Since the first home visit we have been to CF clinic 7 times and had a couple of home visits from the nurses too. The reason for the frequent appointments is not because they can't get enough of cute little Sammy, (though a couple of minutes cooing with smiley Sammy is definitely part of every consultation) but so that his weight can be checked, his medication checked and tweaked if necessary and so that we can be taught more about an aspect of care or the condition. At the last couple of clinics we have also been checking for any signs of an infection following a little cough he had which has now cleared up by using a course of rescue antibiotics. 

The people we see each time at clinic are: a CF consultant, a specialist nurse, a physiotherapist and a dietitian. Doses of medications and top up feeds have been changed on almost every clinic visit as making these adjustments fine tunes the regime to suit Sammy. These alterations certainly keep Mark and I on our toes but the difference they make to Sammy is remarkable.  

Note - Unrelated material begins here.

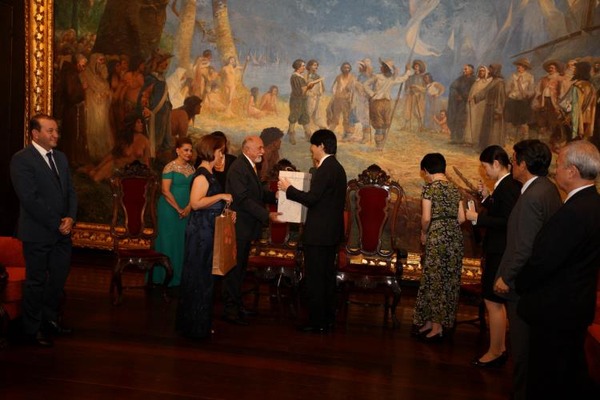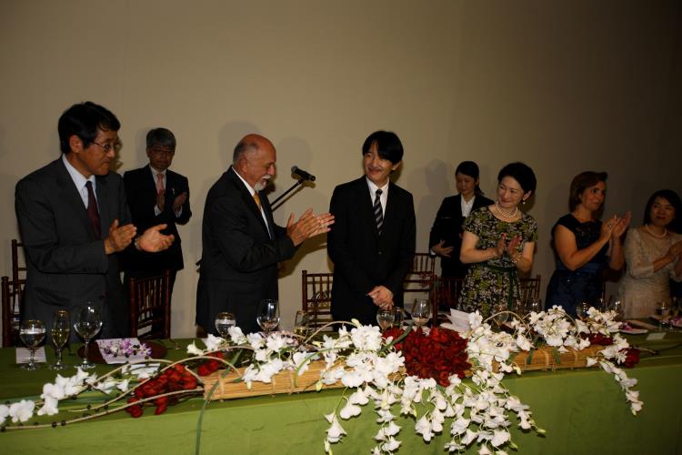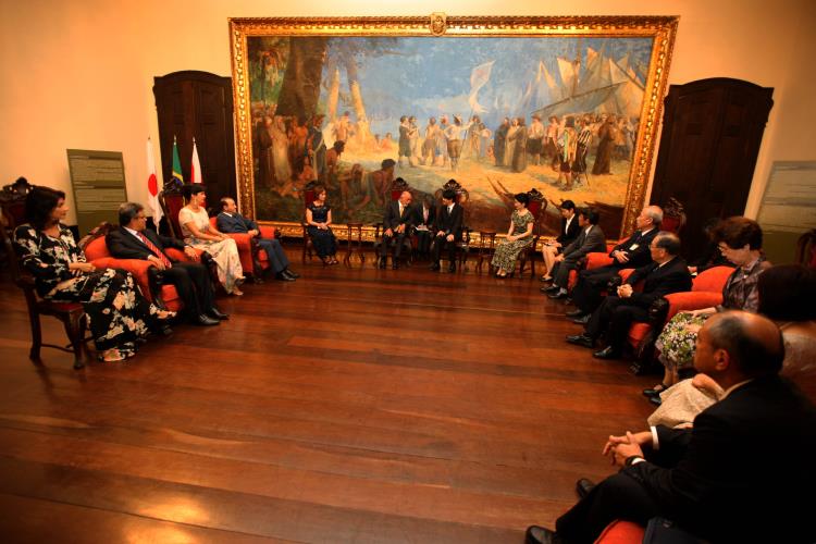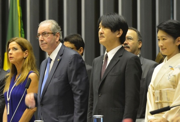 5日午前、連邦議会・下院議会ほかとご引見。連邦議会主催日本ブラジル外交樹立120周年記念式典にご出席。上院議長ほかとご引見。その後、連邦直轄区政庁で同直轄区知事とご引見。午後からはセラード農牧研究センター内をご視察。在ブラジル日本国大使館で日系人代表ほかとご懇談後、日系社会歓迎行事にご臨席。 Eduardo Cunha (PMDB-RJ) エドゥアルド・クーニヤ下院議長(民主運動党・PMDB)と

One of the drugs Sammy takes is an enzyme which helps him to absorb fat, protein and nutrients. Sammy doesn't get the enzymes his body makes because the tubes they should be travelling down from pancreas to stomach are all furred up with thick mucus meaning that food just goes straight through him without its goodness being absorbed. This is why he was so slow putting on weight in the early weeks of his life. Despite feeding nearly 24 hours a day he just couldn't get all he needed from the milk, including that nice full feeling that you get from absorbing all the rich fats and goodness in food. Added to this was the problem that even though his stomach was full of milk, he still asked for more and often vomited as there was no more space in his belly. 

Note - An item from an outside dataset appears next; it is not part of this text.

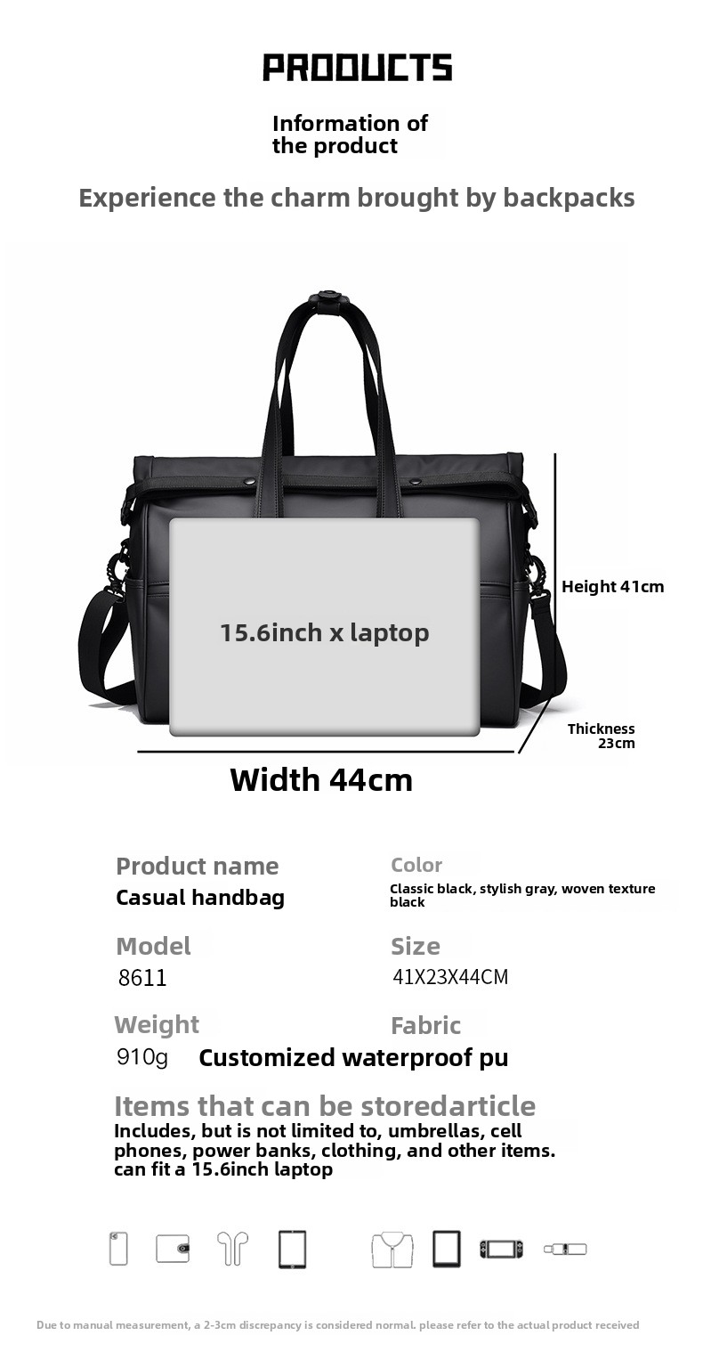 Water-Repellent: PU material with waterproof coating to protect contents.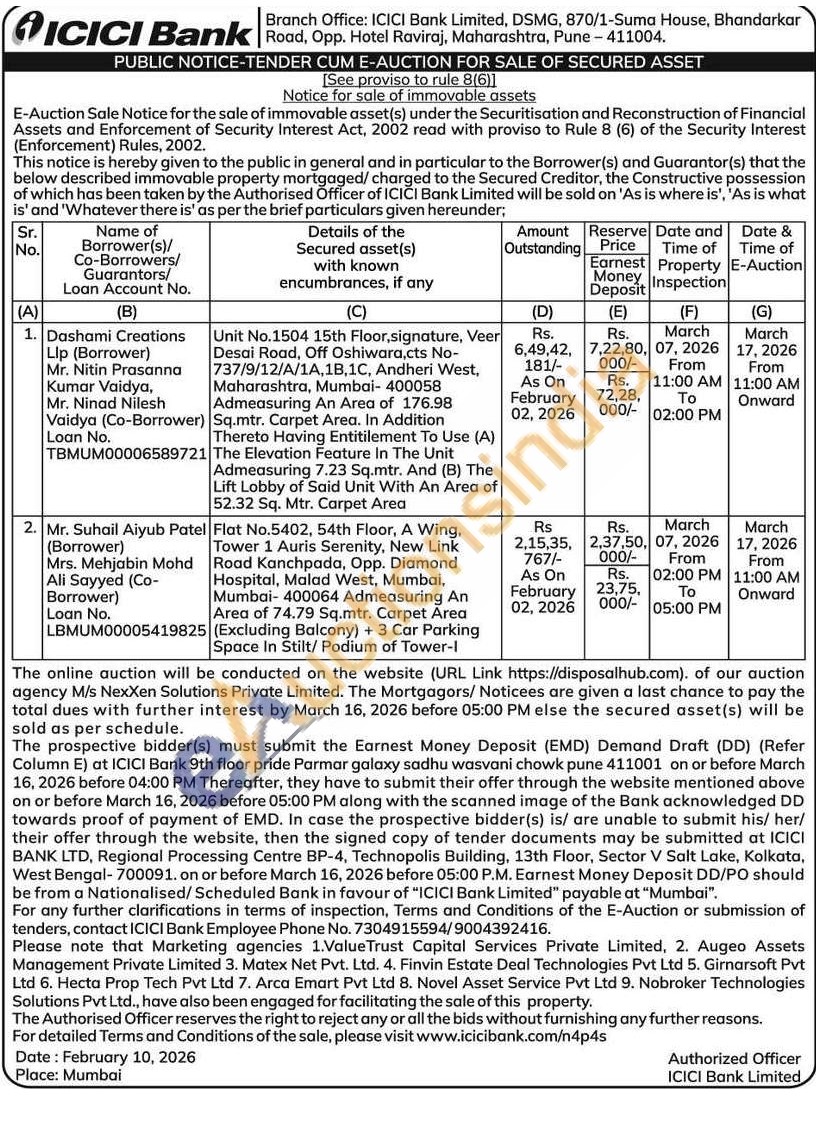 Flat No.5402, 54th Floor, A Wing. Tower 1 Auris Serenity, New Link Road Kanchpada, Opp. Diamond Hospital, Malad West, Mumbai, Mumbai-400064 Admeasuring An Area of 74.79 Sq.mtr. Carpet Area (Excluding Balcony) + 3 Car Parking Space In Stilt/ Podium of Tower-1

The enzyme that we give him is called Creon and tiny scoops of little granules are given on the back of a spoon with some apple puree each time he eats. This has made an enormous difference to Sammy.  The tiny scoop of Creon (in fact half a scoop initially) has meant he digests what he needs from his feeds, making him feel satisfied and allowing him to put on weight. Before diagnosis he was some way beneath the lowest centile line for
what a baby normally weighs but is now just nudging the line for the lightest
babies so we hope before long he will be back on the chart. In our most resent
clinic visit the dietician advised we give a fourth formula feed each day and
increase the Creon dose with the formula. This should really help to boost his
weight.
 
The use of Creon has made such a difference and now that he feels satisfied from the food he can be himself, he is the most smiley baby I know.  Just recently we had a new milestone; he had a formula feed and fell into such a content sleep that I was able to put him down in the Moses basket where he slept whilst Joseph and I ate lunch and played.  This may not sound like much to you but to us it was a major event.  Before this point Sammy's daytime sleeping had been so shallow that at best he dozed in my arms for a short while which made it difficult for Joseph and I to play together.
 
Other updates: We are leaning a variety of physio techniques so we can mix things up a bit. 

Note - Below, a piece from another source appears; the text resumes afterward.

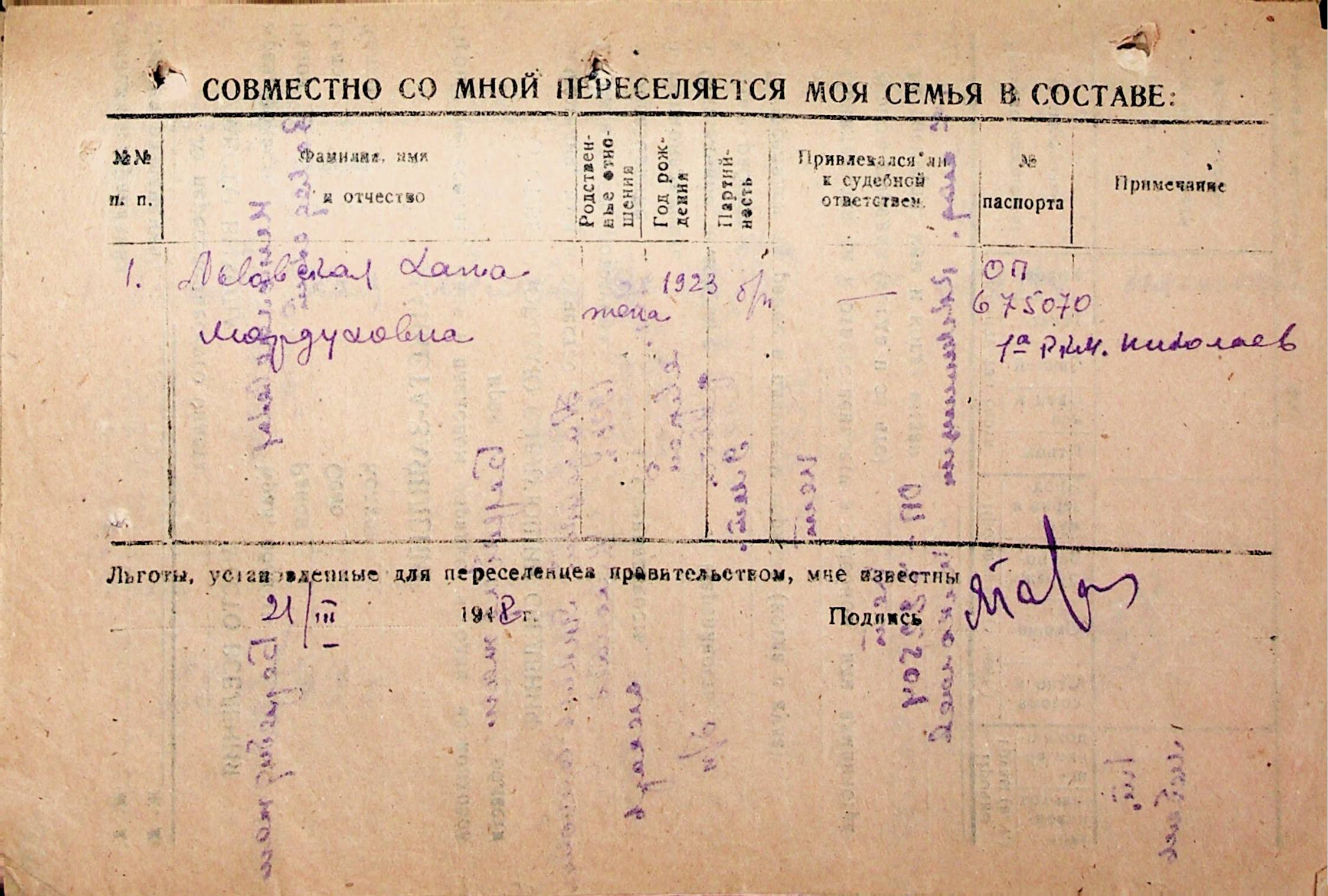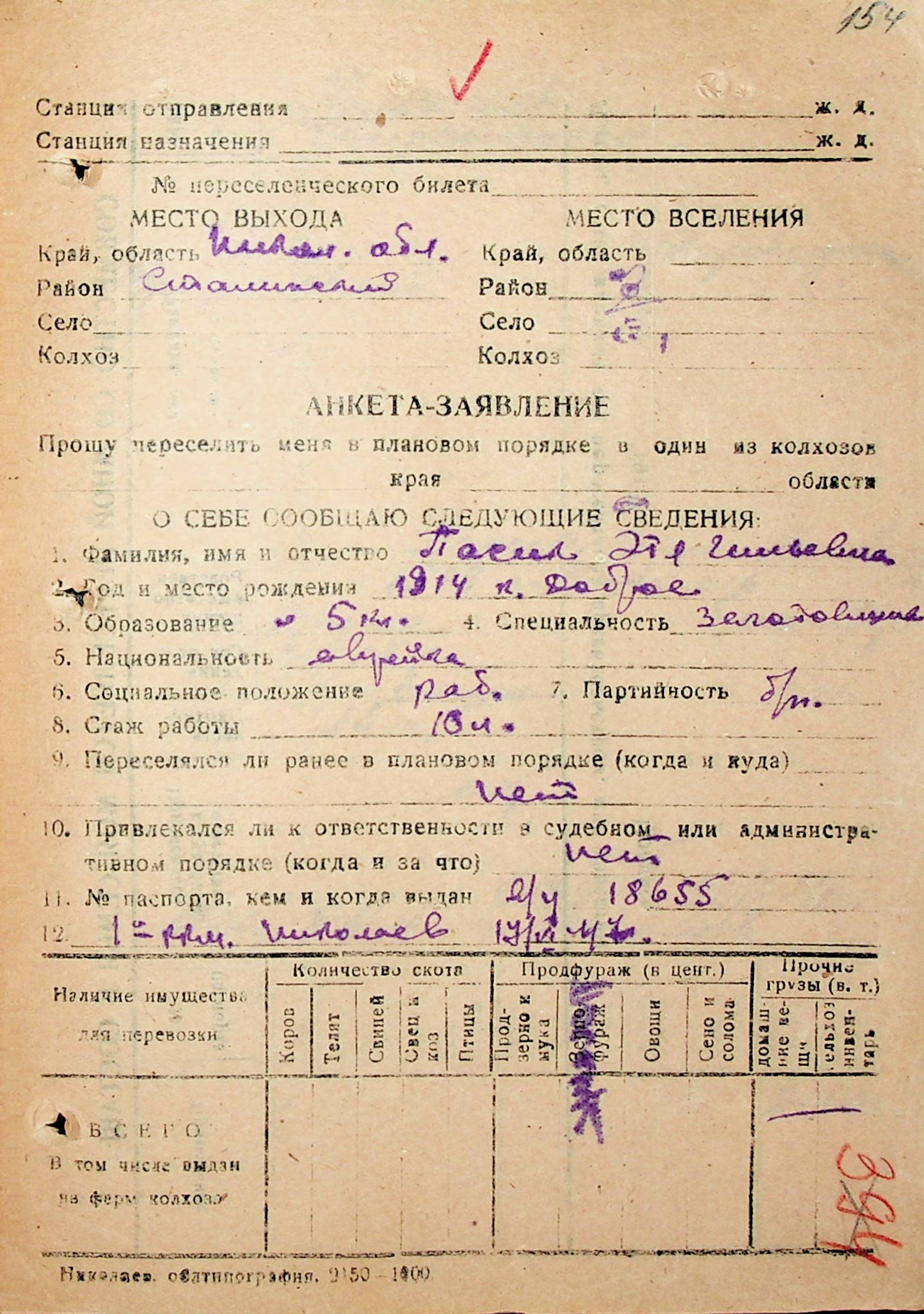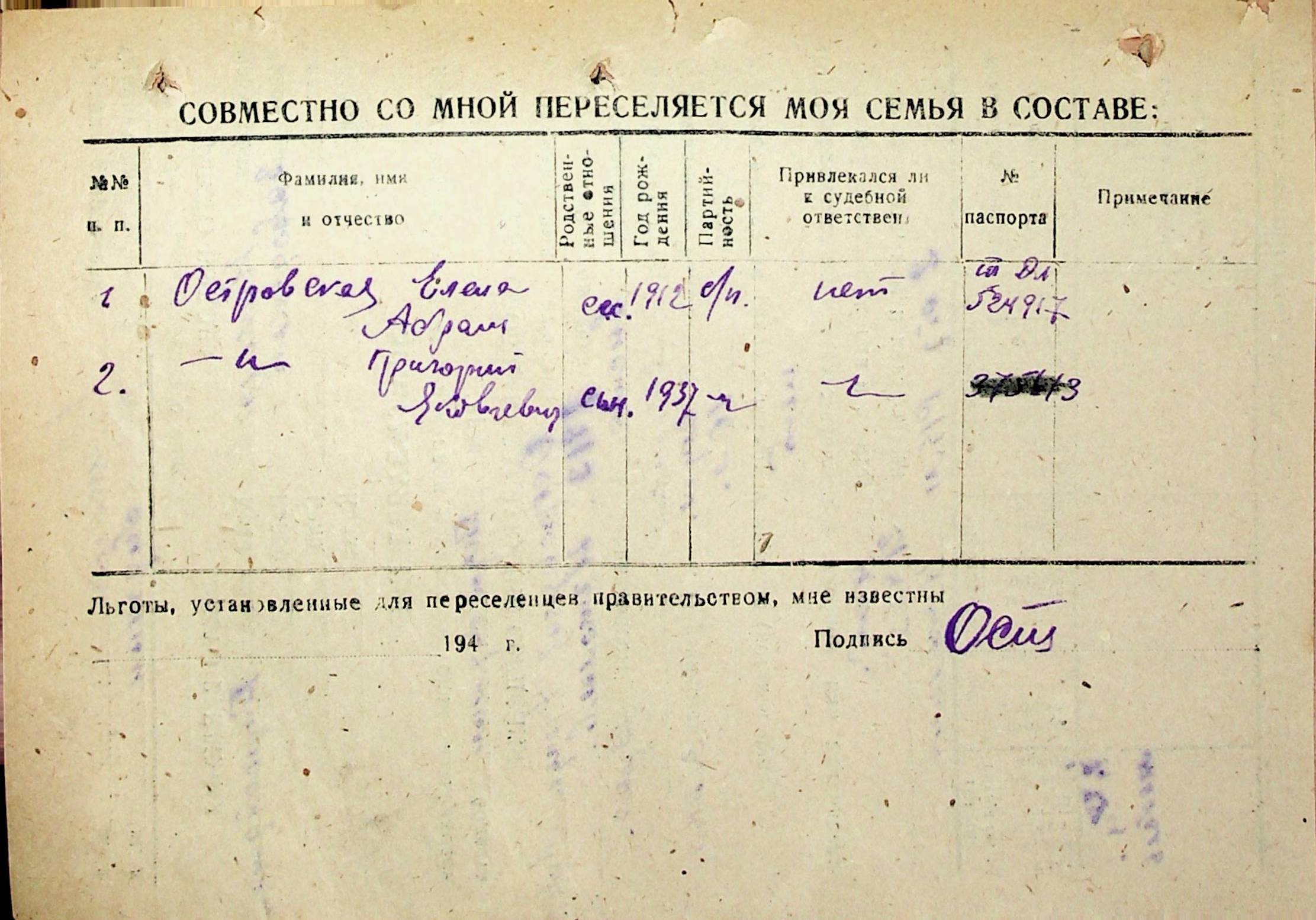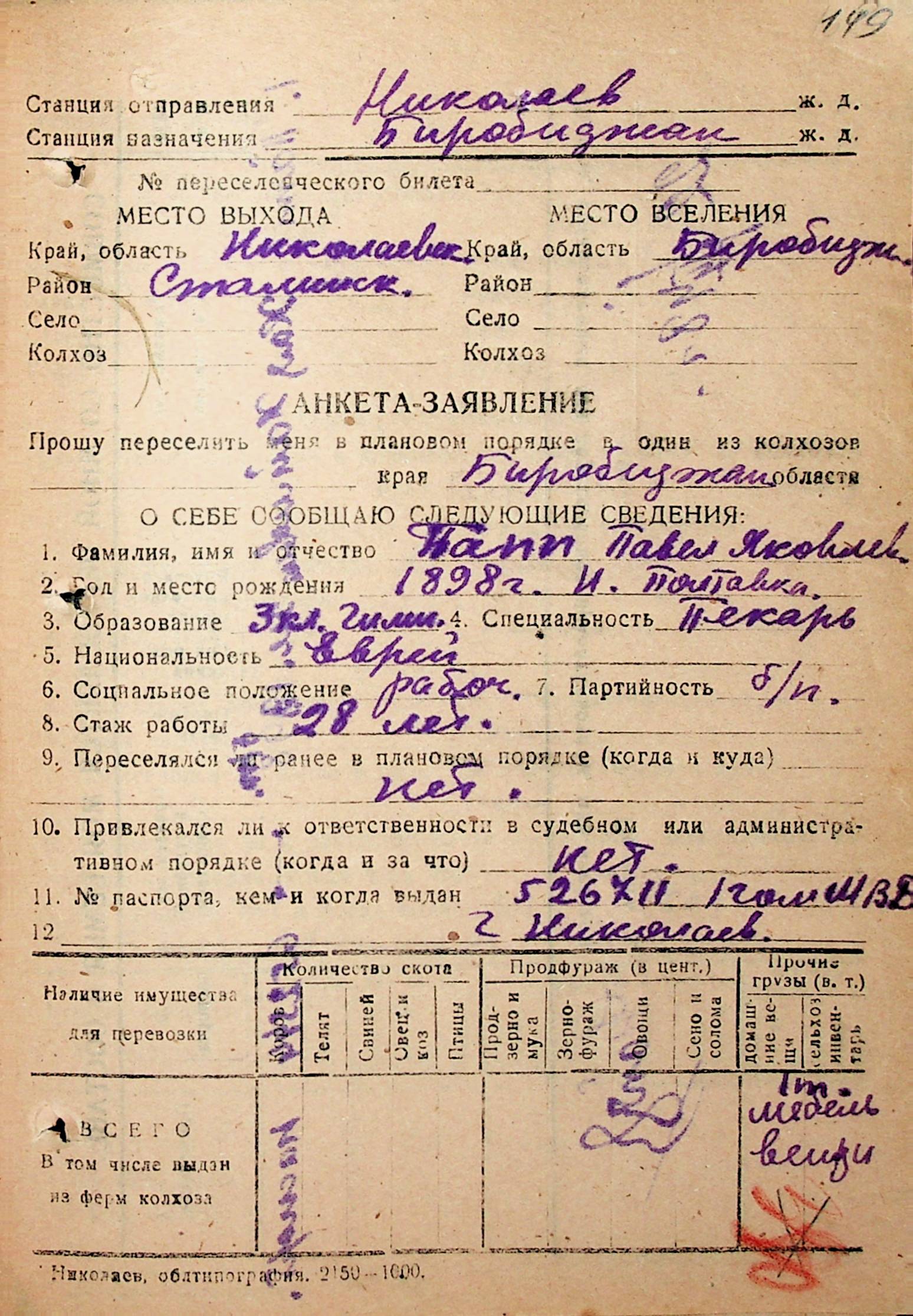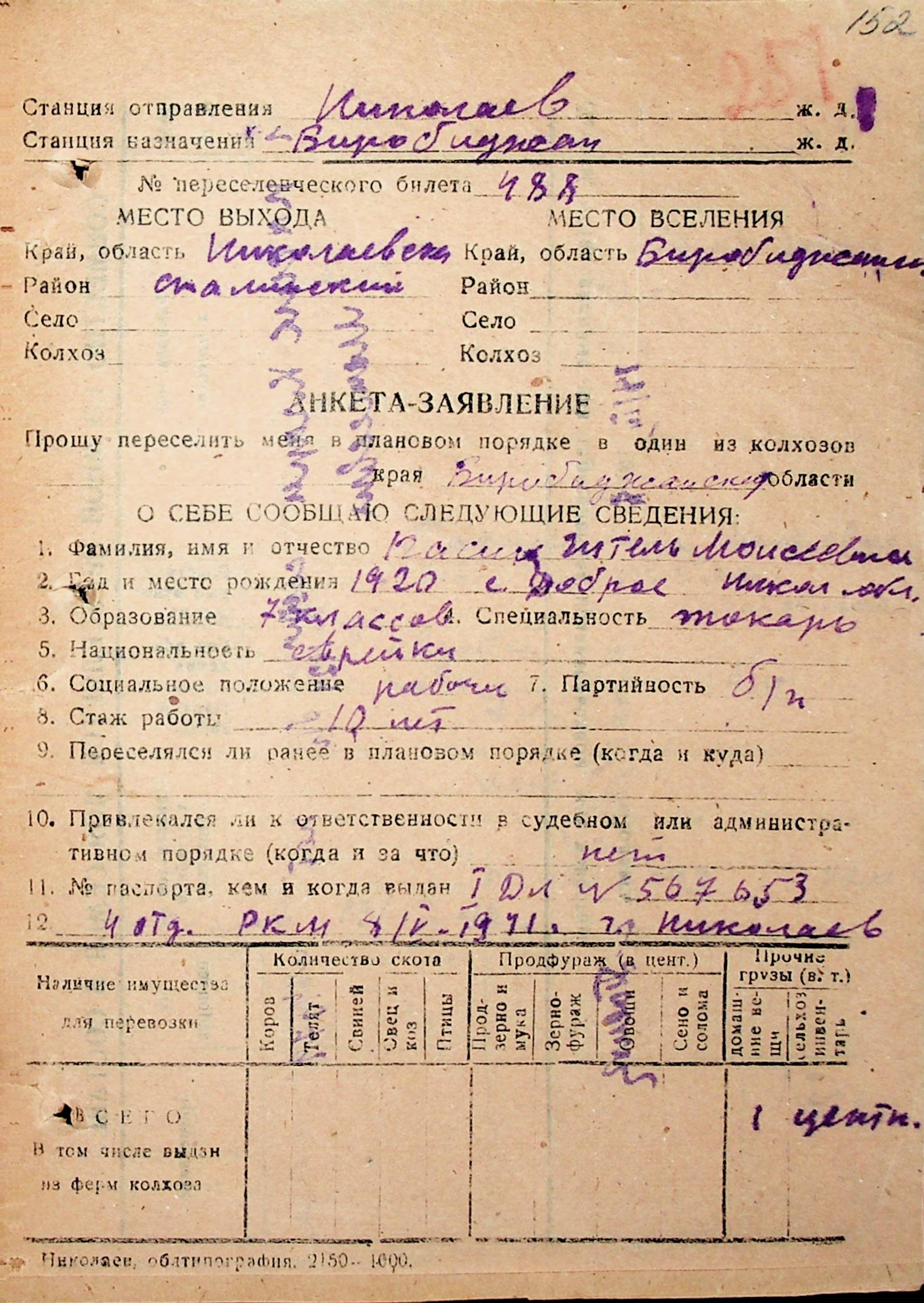 • • • • Справа № 31 “Анкети-заяви осіб, від’їжджаючих до Єврейської автономної області у 1948 році. Прізвища з літери «Л» по літеру «П»”

The boys and I are staying with my parents while we have a porch rebuilt. 
Who knew that there is sometimes spores in brick dust? We want to keep Sammy away from this risk to his health and we get to have a change of scenery and a bit of a 'holiday' at the same time. 

All in all Sammy is putting on weight and we are in control of other symptoms of CF, Mark and I are doing well at keeping on top of the ever changing routine and Joseph is having a whale of a time staying at Granny & Grandpa's house.